> _Task to complete_:
For the entries below, the result should be an exact transcription of the lines from the one with "图 2-14 专业技能培训" up to and including the one with "בית השגריר, צלבנים", and only those.

━━ Data to use ━━

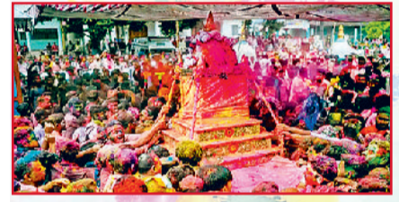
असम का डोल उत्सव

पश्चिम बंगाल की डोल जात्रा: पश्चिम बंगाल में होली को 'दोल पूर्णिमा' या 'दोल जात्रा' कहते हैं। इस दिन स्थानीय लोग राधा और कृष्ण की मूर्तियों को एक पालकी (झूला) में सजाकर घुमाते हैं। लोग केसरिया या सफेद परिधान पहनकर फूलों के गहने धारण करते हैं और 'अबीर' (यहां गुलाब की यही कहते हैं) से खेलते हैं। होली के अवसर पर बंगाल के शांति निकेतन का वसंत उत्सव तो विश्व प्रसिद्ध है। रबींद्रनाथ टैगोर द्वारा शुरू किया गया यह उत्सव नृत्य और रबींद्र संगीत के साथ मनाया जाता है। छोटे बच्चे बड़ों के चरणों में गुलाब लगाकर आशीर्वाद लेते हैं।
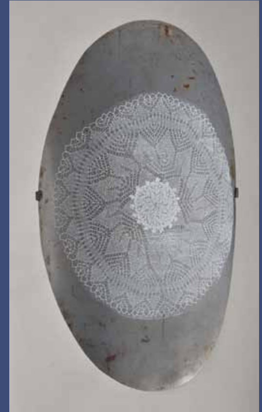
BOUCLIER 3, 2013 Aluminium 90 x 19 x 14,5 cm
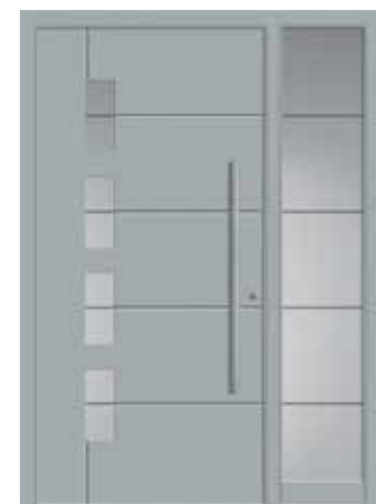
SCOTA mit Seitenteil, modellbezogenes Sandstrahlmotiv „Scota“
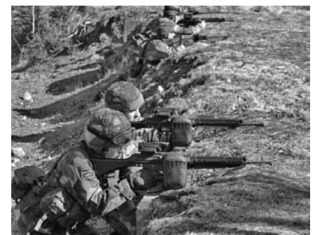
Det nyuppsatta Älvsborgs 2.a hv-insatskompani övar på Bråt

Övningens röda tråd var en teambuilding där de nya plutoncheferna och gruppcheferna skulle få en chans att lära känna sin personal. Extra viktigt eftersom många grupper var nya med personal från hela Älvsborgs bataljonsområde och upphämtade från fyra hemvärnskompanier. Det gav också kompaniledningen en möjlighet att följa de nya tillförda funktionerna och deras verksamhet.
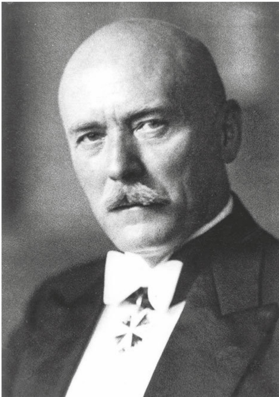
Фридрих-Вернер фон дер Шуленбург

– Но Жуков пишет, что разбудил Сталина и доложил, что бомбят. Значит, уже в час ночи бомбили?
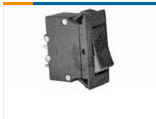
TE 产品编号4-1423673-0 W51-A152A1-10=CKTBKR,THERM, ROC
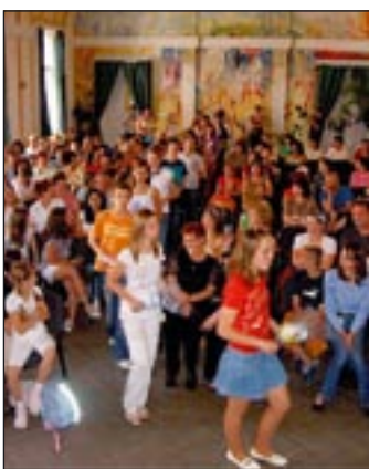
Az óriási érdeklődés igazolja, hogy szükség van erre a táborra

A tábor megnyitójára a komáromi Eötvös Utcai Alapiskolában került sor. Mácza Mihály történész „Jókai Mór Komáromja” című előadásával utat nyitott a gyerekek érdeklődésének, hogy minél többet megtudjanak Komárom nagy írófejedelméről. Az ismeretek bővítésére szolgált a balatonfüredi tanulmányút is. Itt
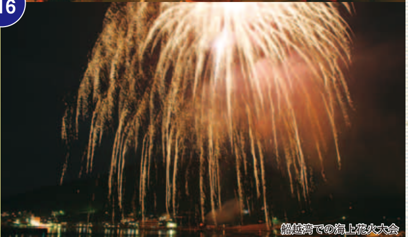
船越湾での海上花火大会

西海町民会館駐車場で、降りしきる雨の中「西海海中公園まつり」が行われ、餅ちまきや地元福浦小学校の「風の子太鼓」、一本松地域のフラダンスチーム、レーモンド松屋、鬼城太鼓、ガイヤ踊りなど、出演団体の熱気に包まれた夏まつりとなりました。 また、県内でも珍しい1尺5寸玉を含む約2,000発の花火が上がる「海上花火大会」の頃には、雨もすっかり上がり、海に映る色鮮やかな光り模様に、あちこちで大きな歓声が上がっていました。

━━━
━━ Data to use ━━

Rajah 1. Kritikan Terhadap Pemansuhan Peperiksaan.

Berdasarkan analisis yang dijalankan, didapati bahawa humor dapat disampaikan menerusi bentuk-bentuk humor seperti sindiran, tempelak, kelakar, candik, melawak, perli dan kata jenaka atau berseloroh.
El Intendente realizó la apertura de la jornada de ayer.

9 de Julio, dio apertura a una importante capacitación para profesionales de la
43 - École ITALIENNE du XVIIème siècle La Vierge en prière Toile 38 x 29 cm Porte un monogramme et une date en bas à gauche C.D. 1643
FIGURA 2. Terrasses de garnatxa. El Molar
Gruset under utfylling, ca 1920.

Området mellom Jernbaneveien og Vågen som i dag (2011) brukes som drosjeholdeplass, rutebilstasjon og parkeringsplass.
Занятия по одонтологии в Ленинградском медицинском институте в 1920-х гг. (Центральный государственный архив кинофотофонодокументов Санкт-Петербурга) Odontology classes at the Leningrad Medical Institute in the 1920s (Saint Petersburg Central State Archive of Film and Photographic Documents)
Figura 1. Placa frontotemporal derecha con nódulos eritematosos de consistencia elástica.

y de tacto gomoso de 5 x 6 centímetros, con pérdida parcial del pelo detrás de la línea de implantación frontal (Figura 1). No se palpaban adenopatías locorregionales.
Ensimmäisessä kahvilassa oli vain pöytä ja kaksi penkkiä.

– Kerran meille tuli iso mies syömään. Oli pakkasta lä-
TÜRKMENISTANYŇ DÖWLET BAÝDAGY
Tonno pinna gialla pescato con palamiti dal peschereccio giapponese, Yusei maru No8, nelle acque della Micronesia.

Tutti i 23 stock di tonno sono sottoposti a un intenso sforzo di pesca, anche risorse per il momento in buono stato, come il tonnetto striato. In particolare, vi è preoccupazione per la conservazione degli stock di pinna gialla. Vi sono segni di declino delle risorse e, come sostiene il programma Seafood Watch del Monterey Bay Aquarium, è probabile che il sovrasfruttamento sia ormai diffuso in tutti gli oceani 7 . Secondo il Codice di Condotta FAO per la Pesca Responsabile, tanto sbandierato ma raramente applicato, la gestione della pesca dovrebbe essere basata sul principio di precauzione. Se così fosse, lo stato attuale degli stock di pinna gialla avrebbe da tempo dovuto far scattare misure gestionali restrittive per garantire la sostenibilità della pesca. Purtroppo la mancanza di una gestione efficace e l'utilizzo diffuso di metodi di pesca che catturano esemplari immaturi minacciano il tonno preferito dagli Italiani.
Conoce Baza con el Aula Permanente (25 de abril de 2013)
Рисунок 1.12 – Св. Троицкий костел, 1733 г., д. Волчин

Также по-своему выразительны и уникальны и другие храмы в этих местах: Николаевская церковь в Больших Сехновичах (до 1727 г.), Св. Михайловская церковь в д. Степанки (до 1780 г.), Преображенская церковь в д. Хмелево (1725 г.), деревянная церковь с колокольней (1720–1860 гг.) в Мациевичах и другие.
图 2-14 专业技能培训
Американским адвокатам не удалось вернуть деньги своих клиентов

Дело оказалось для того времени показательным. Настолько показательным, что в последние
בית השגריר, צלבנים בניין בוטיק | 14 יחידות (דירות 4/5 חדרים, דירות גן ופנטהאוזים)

━━━

> _Reply_:
图 2-14 专业技能培训
Американским адвокатам не удалось вернуть деньги своих клиентов

Дело оказалось для того времени показательным. Настолько показательным, что в последние
בית השגריר, צלבנים בניין בוטיק | 14 יחידות (דירות 4/5 חדרים, דירות גן ופנטהאוזים)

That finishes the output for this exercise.